Tren yavaşladı. Durağa geliyordu. Şarkı söyleyen genç gitarını kılıfına yerleştirdi. Fermuarı hızlıca çekti. Kafasını kaldırmadan bağırdı. “Eko haydi çabuk ol, iniyoruz.” Diğer kapı önündeki bağırarak karşılık verdi. “Tamamdır aga.” Elinde parayla bekleyen gözlüklü, takım elbiseli adam elini cebine soktu. Onun yanındaki gençlerle aynı yaşta olduğu gözden kaçmayan genç kız vardı. Cevdet onu da çantasını kapatırken gördü.
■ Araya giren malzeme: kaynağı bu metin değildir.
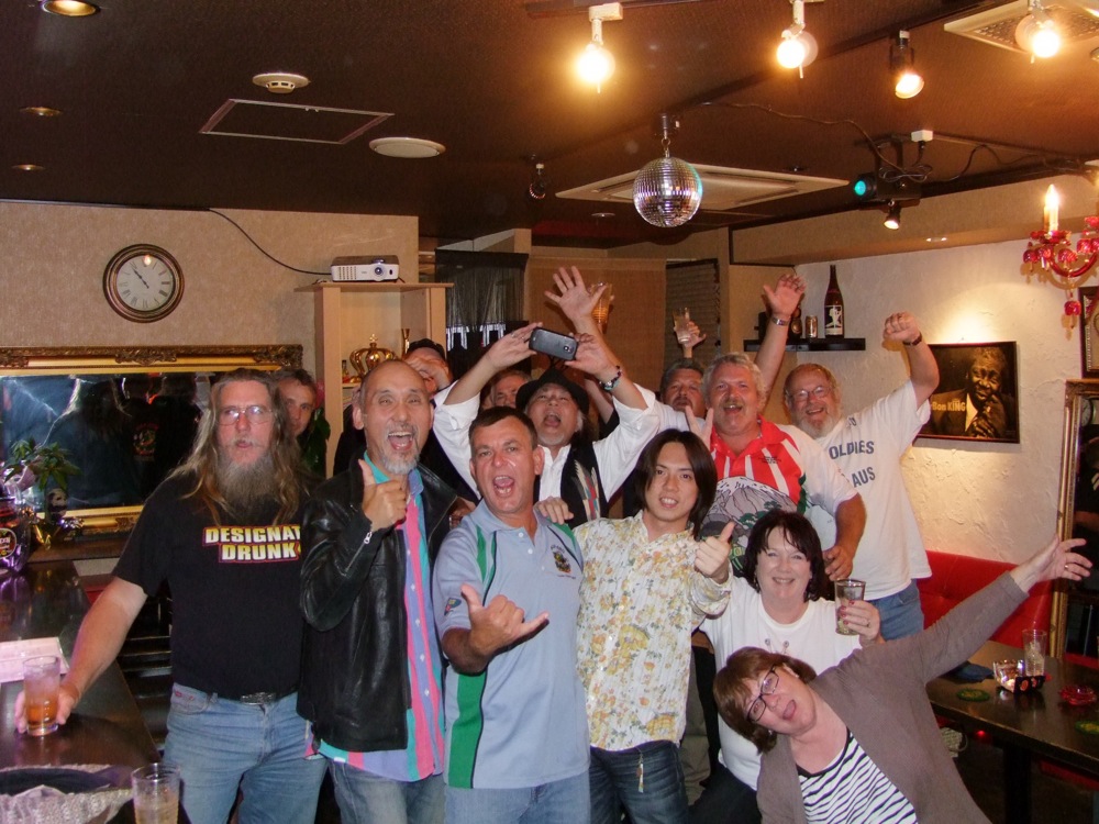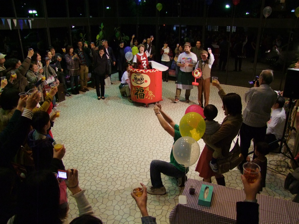この後はお酒が振る舞われたり、お祝いの樽をオリパパが割ると、中から娘が出てくるという段取りが仕込まれていたり(笑)、オリパパの顔を模ったケーキが出されたり、皆で記念写真を撮ったりと、もう盛り沢山!…オリパパが笑顔になれば、皆が笑顔になる…というように、本当に楽しい会になったと思いました。TRI4TH のメンバーも勿論全員で参加。CDの販売を行いつつも(笑)、楽しいひと時を皆さんと過ごさせて頂きました♪

Durakta kapılar açılınca ikisi de bir anda yok oluverdiler. Kapanması gereken kapılar kapanmadı. Vagon sakinlerinin aklına ilk olarak arıza gelse de aslında sebebin şarkıcılar olduğunu herkes tahmin etmişti. O sırada kapıların her ikisinden de hızlıca iki güvenlik görevlisi girdi trene. Sağa sola bakındılar. Gözleri dikkatlice arandı vagon içinde.
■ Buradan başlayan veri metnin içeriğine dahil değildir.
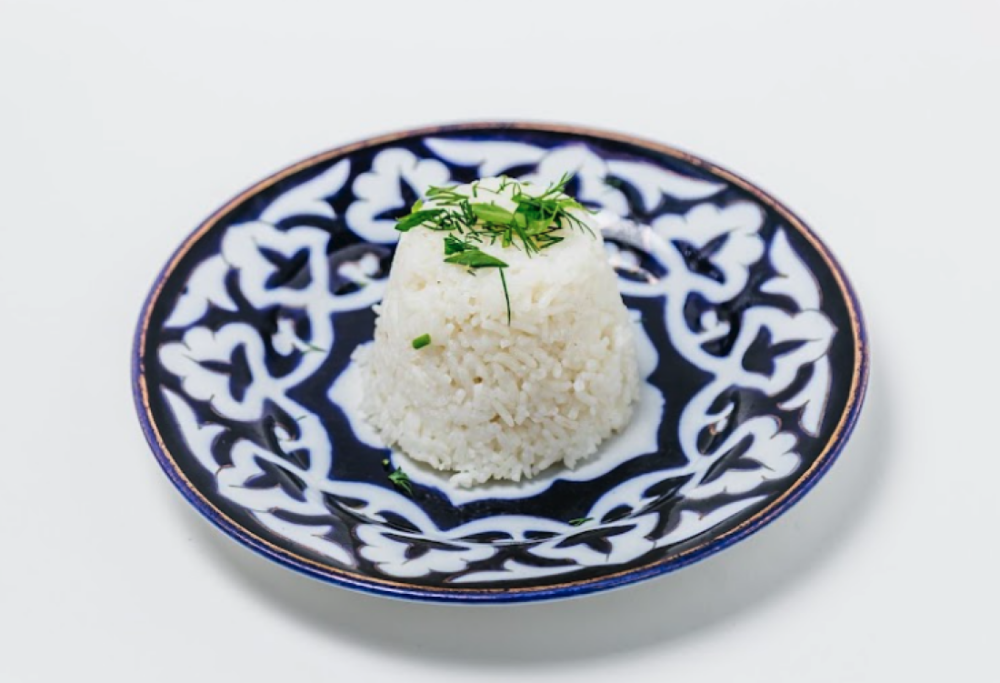 Рис, приготовленный на пару. Посыпается ароматной зеленью.

Cevdet’e yakın kapıdan giren güvenlikçi, tam önünde durmuştu. Cevdet görevlinin gömleğindeki armaya baktı. Polislerinkine benziyordu. Kuzeni polisti. Geçen bayram babasını ziyarete üniformasıyla gelmişti.
Adamın elindeki telsizden gelen sesler parazitlerle daha da anlamsızlaşıyordu. Sağ elindeki telsiz ağzının hizasındaydı. Telsize değil de vagondakilere seslendi. “Buradaki dilencileri gören var mı?” Bu sorunun muhatabı yoktu. Ortaya söylenmişti. Cevabı da yoktu. Kimseden ses çıkmadı.
Kapıya yakın oturan kadınlar bile başka tarafa baktı.